Although
I’d always dreamed of living somewhere outside the U.S., until I met Cynthia
short trips into Canada and Mexico were as far as I’d made it. She, on the
other hand, grew up the daughter of a guy in the ahl bidness and had lived all over the world. In 1970 I passed up a free trip to
southeast Asia and, except for the possibility of being blown to smithereens,
had always felt like I missed something.
I
was an FBI agent for 20 years and saw a lot of the United States, including a
few places I could have skipped. But I always liked being on the road and
seeing things I’d never seen. So, not surprisingly, I married someone also
infected with wanderlust who decided to take me across the ocean. The first
couple of trips were to the UK and Italy but Cynthia kept bugging me about
going to France, which I resisted probably because I believed a lot of the same
bullshit about the French that most Americans seem to. I can’t think of another
place that provokes such strong reactions, at least amongst the flag-waving
types. Of course, now that I know it pisses those people off I’m not doing much
to disabuse them of the idea I could be some kind of closet socialist.

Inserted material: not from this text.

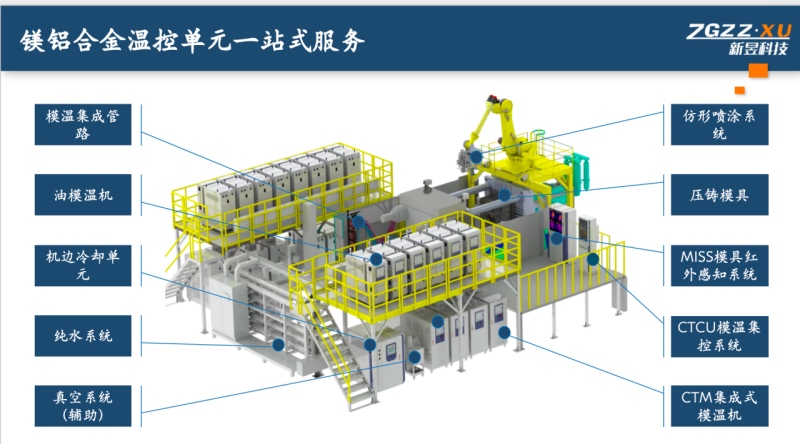 鎂鋁合金溫控單元一站式服務解決方案 寧波新昱智能科技有限公司始終專注于鎂鋁合金壓鑄車身熱管理系統領域。公司所有溫控設備均為自主研發,亦是國內市場上溫控設備產品線最齊全的企業之一。憑借對壓鑄行業的深耕,公司將整套溫控系統與模具設計、壓鑄工藝、仿形噴涂及真空輔助技術深度融合,打造大型智能化溫控單元一站式服務,致力于解決壓鑄汽車零部件在生產中面臨的良品率低、效率低、節拍慢、成本高等問題。

In telling others of our plans, one
of the most surprising reactions has been the number of
people who ask, “Have you ever been there before?” I’m not sure how to respond
to this – “Holy shit, I hadn’t thought of that?” “Now, you mention it, no. Gee,
thanks, we nearly spent our life savings on a whim!” So I just smile and say,
“Yes, a couple of times.”
This
was not a simple decision. The first time we visited France, it was the result
of my having bought the trip as a Christmas present for Cynthia. As I said, I
had no more desire to see France than the next xenophobe but from the first few
hours in Paris, I knew this place was for me. I can’t entirely explain it but
despite the fact I can’t understand a word anyone says, I never felt out of
place. And when we sat down in a café with all seats facing the street, that
clinched for me. I just sat there drinking in the tourist fashion show, like
Swedes wearing clothes it looked like they found and, on a cool day, Brits in
sweaters and trousers that were in style when Harold Macmillan was prime
minister.
Coming
home we always said the same thing, “What if we just sold everything and moved
here”, followed immediately, from me at least, with a “Yeah, right.” Besides, as long as my mother was
alive, I never wanted to be that far away from her. Needless to say, we were
close, but when she died last year at the age of 93, the last thing keeping me
here disappeared. We did home exchanges to Paris and Bordeaux in July of 2011
and when we came back, that was it. We started making plans to move.
Ethnically
speaking, I’m half German, a quarter Swede and ¼ French. My great-grandfather,
Auguste Durand, came here sometime in the late 19th century to mine
coal. Makes you wonder how shitty a French coal mine must have been if crossing
the Atlantic to work in an American one represented upward mobility. So maybe there’s some genetic
connection. All I know is I’ve always felt like I could belong over there. We’ll
see.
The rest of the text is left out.